Z160 is dramatically more bioavailable when taken with a high fat meal.
Better hope our clinical trial participants are taking Z160 with a high fat meal!
A quote directly from the patent:
"Naturally, a high fat meal may not be recommended for many individuals being treated with compounds of formula 1, particularly those being treated for chronic conditions. However, for some individuals, particularly those being treated for acute conditions, administration of compounds of formula 1 with a high fat meal may be justified. In any event, bioavailability of compounds of formula 1 is significantly increased when administered with food, including either a normal fat meal or a high fat meal."
"SUMMARY OF THE INVENTION
A subject of the invention is the unexpected finding that administration of compounds of formula 1 with food markedly increases their extent of absorption when administered orally in human subjects. In particular, an aspect of the invention is a method of increasing the oral bioavailability of such compounds to a patient receiving treatment to modulate N-type calcium channels comprising administering to the patient a compound of formula 1 or a pharmaceutically acceptable salt thereof, optionally in a pharmaceutical composition, with food."
Snutch, Terrance P. (Vancouver, CA)
Fisher, Dennis M. (San Francisco, CA, US)
The new Z160 formulation increases bioavailability and reduces food effect, but the detailed trial protocol likely suggest that patients take Z160 with a meal. Preferably containing some fat. Should not be a problem in the U.S. and some fats recommended might be:
3. Olive Oil
5. Nut Butter
6. Fatty Fish
"By “fed” or “fed states” is meant a subject has eaten within about 30 minutes prior to drug administration. The meal can be a fatty meal, and the resulting mean pharmacokinetic parameters can be characteristic of consuming a fatty meal. For example, the “fed state” can be a human who has eaten a United States Food and Drug Administration (FDA) standard high fat breakfast (or another meal containing a comparable quantity of fat and calories) within 30 minutes prior to drug administration. A typical FDA standard breakfast consists of 2 eggs fried in butter, 2 strips of bacon, 2 slices of toast with butter, 4 ounces of hash brown potatoes, and 8 ounces of whole milk. The meal is high in both fat (approximately 50% of total calorie content of the meal) and calories (approximately 800-1,000 calories)."

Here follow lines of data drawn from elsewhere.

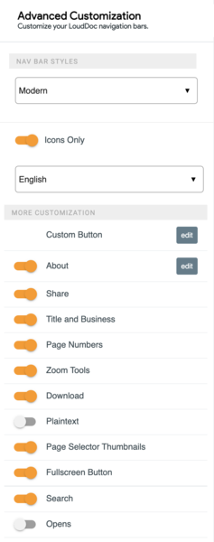 You can toggle on or off which Navbar menu buttons and features appear on your LoudDoc. Simply go down the list and toggle on or off the buttons you want to appear or be hidden.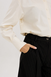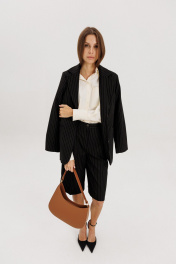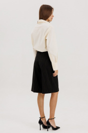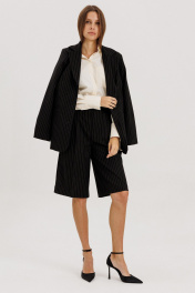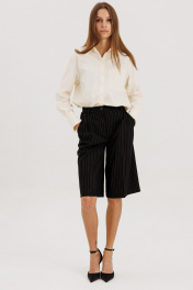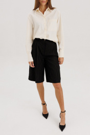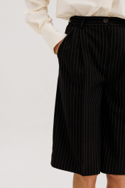 Классические шорты-бермуды на притачном поясе со шлевками, застежка на молнию и петлю-пуговицу. Выполнены из костюмной ткани черного цвета в полоску бежевого цвета. По переду защипы, высокая посадка, карманы боковые. Длина изделия 64 см, по талии 33 см в 42-м размере.Рост модели на фото 178 см.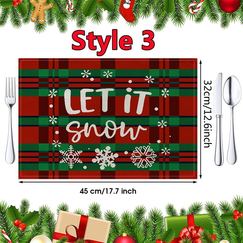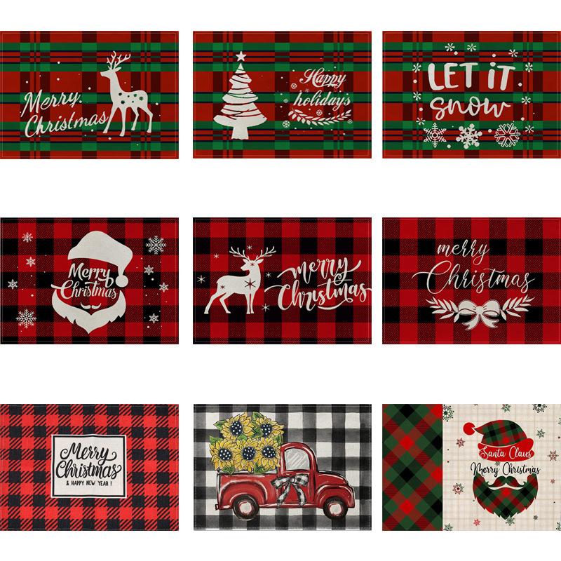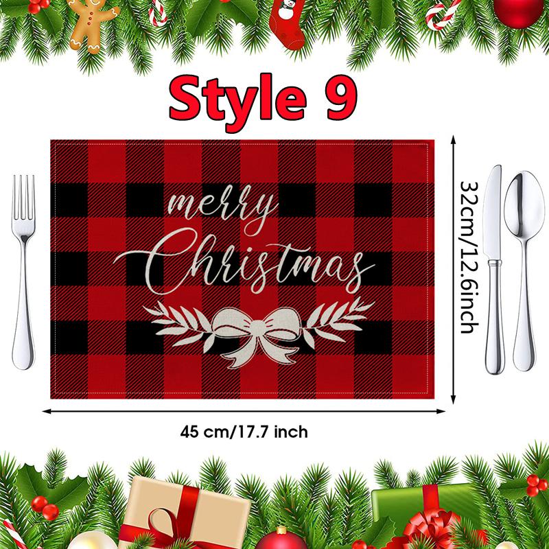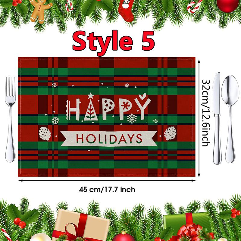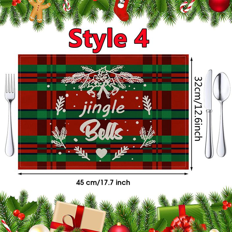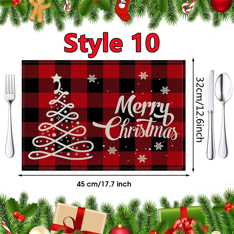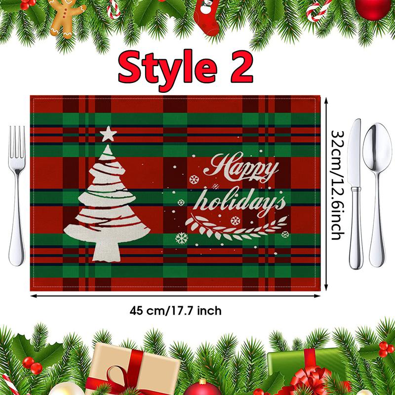 New Christmas Placemats Red Green Plaid Placemats Reversible Heat-Resistant Santa Claus Place mat for Xmas Home Decoration Gifts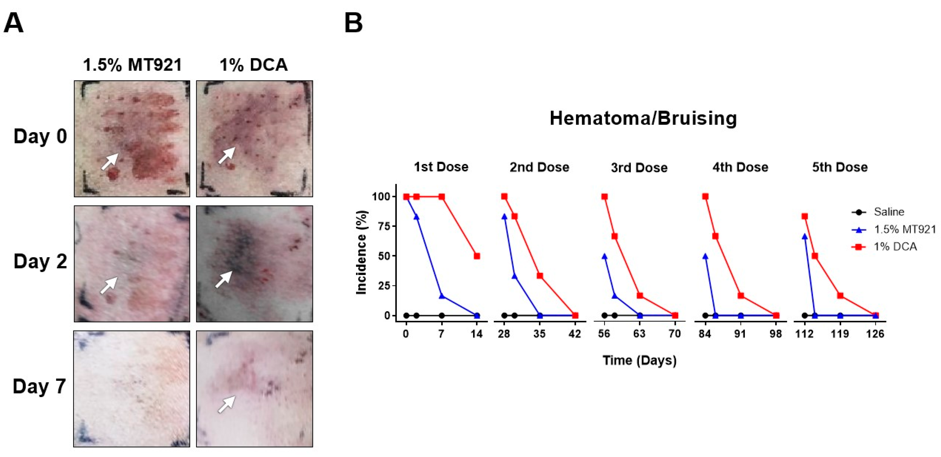 2.2.3. Skin Adverse Reactions Caused by 1.5% MT921 and 1% DCA s.c. Injections
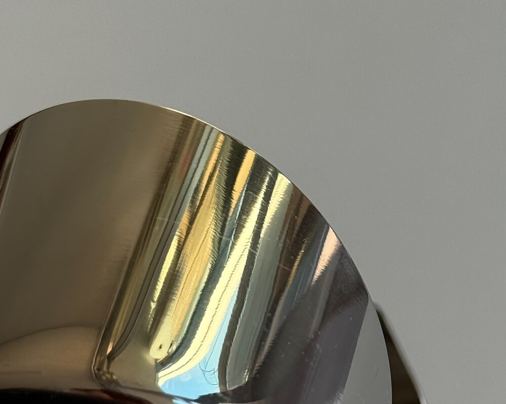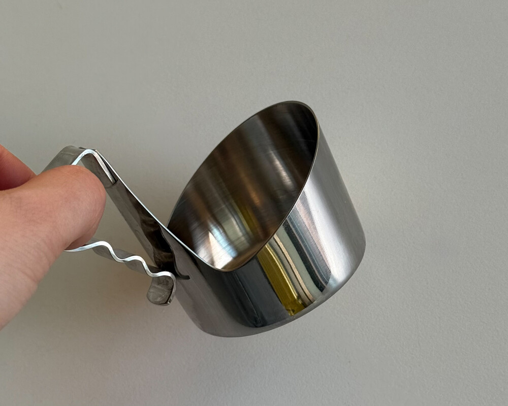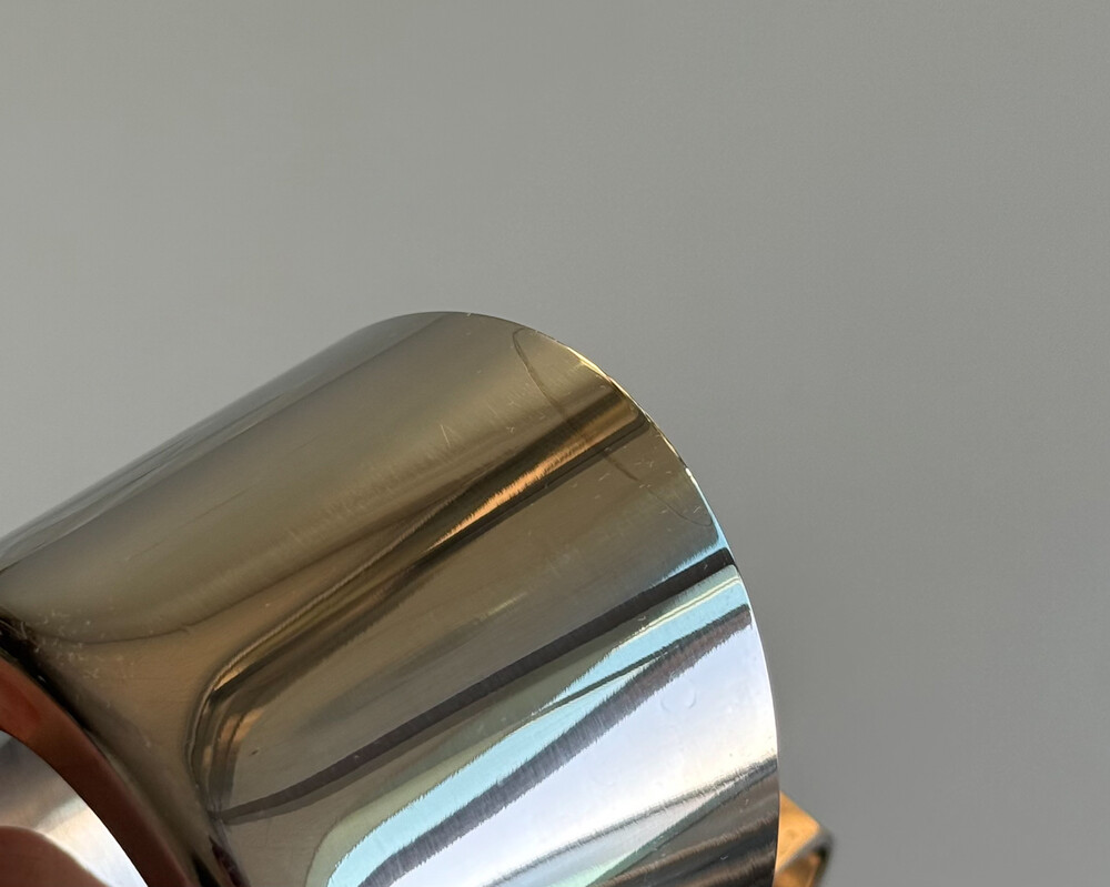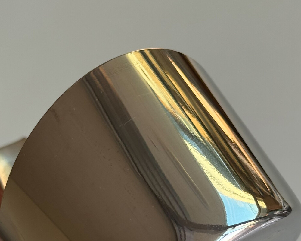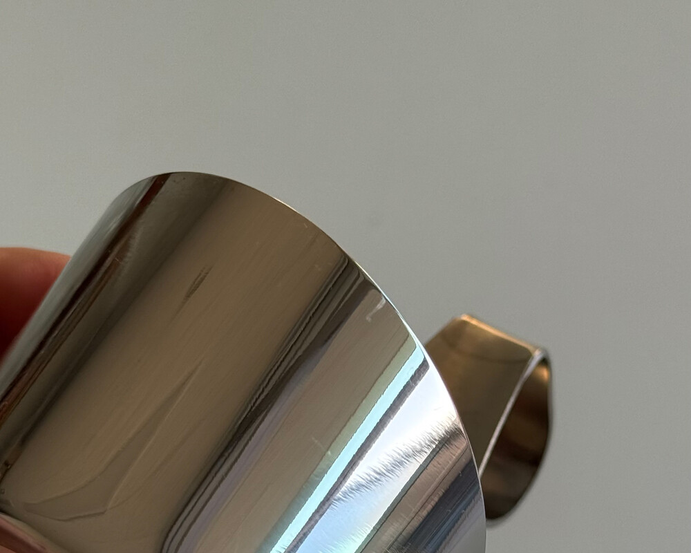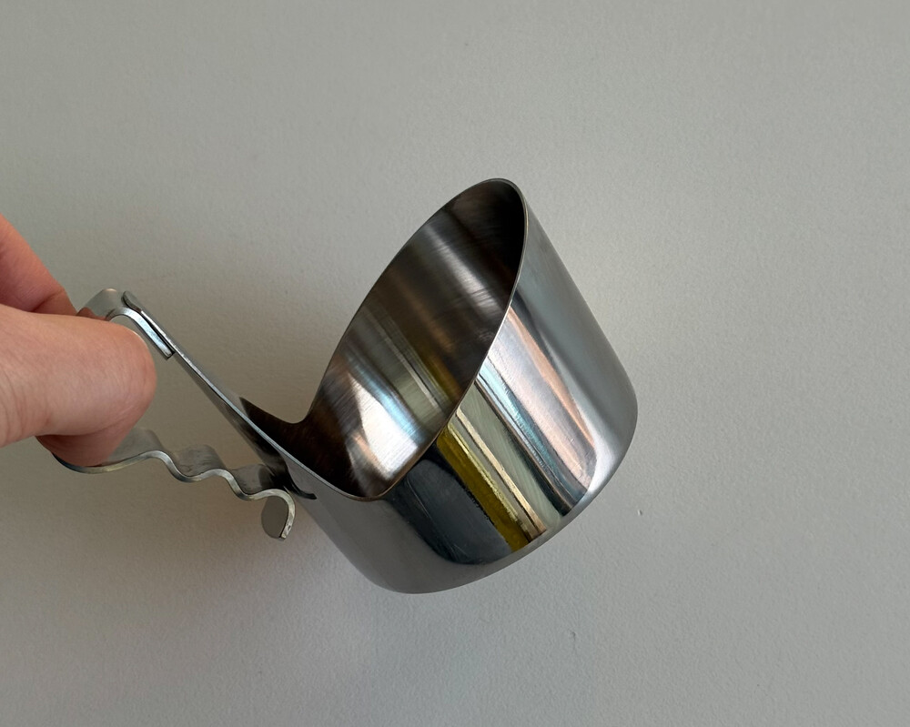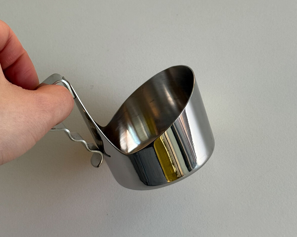 1970년대 독일 WMF에서 제작된 Cromargan 티 글라스 세트입니다. 내열(Feuerfest) 유리 컵과 크로마간 스테인리스 홀더가 결합된 구조로, 컵은 분리 가능하며 실사용과 관리가 용이합니다. 꼬임 형태의 핸들이 특징인 고급스러운 디자인입니다.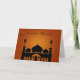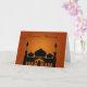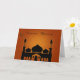 Tarjeta de Ramadán con mezquita y luna creciente con estrella contra fondo dorado y con motivos naranjas.

SOLID DISPERSION FORMULATIONS AND METHODS OF USE THEREOF
"BACKGROUND OF THE INVENTION
The present invention relates to formulations and methods for increasing the bioavailability of 1-(4-benzhydrylpiperazin-1-yl)-3,3-diphenylpropan-1-one or a metabolite thereof, as well as salts thereof. In particular, the formulations and methods relate to the use of solid dispersions to improve mean bioavailability in fasted or fed subjects and/or TO REDUCE food effect."